* **Exercise aim**:
Write out again the lines from the line with "理科の時間は、カブトムシやア" up to and including the line with "SORBITOL, GUM BASE, GLYCEROL, MANNITOL, NATURAL", exactly as they stand below, and skip any picture.

* **Data for processing**:
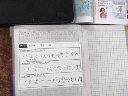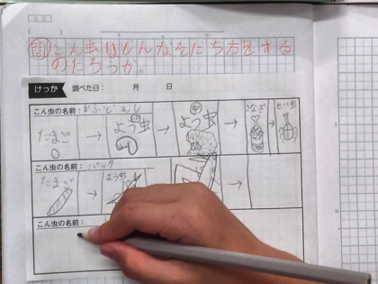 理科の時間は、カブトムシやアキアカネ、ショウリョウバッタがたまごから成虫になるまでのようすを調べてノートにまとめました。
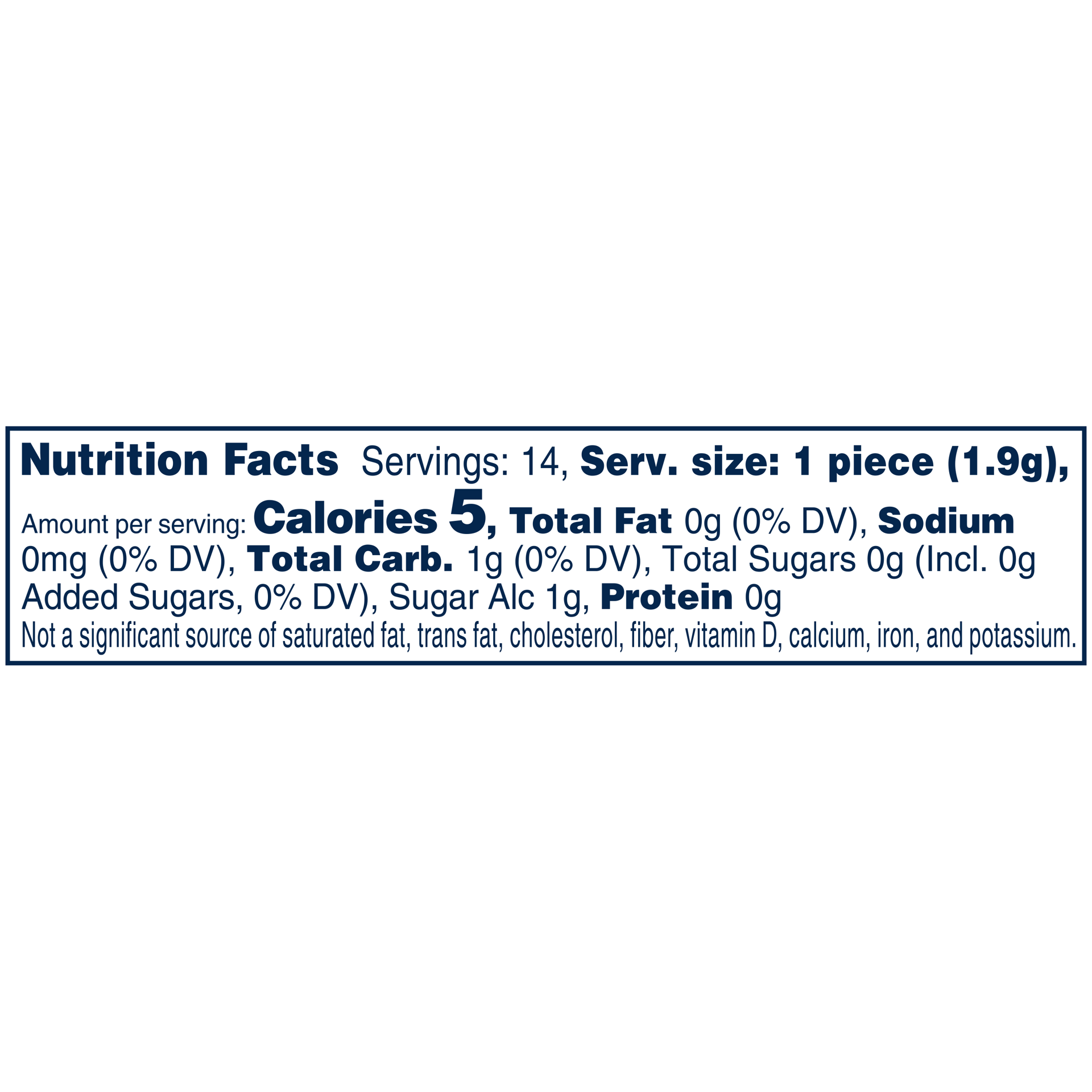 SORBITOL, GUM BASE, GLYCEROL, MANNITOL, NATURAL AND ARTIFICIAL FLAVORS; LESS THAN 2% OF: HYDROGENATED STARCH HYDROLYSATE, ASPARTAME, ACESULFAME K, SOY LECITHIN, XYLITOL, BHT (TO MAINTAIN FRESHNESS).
---
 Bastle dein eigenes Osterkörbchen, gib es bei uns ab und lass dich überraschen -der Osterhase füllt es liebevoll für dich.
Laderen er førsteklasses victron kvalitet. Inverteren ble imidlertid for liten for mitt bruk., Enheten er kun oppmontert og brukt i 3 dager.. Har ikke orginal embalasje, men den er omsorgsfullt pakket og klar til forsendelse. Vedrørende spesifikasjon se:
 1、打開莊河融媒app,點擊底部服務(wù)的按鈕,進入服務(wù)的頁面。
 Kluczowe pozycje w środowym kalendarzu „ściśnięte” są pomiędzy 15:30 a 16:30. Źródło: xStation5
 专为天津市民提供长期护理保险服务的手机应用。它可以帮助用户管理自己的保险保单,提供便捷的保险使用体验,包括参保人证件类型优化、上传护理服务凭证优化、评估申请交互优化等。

* **Final answer**:
 理科の時間は、カブトムシやアキアカネ、ショウリョウバッタがたまごから成虫になるまでのようすを調べてノートにまとめました。
 SORBITOL, GUM BASE, GLYCEROL, MANNITOL, NATURAL AND ARTIFICIAL FLAVORS; LESS THAN 2% OF: HYDROGENATED STARCH HYDROLYSATE, ASPARTAME, ACESULFAME K, SOY LECITHIN, XYLITOL, BHT (TO MAINTAIN FRESHNESS).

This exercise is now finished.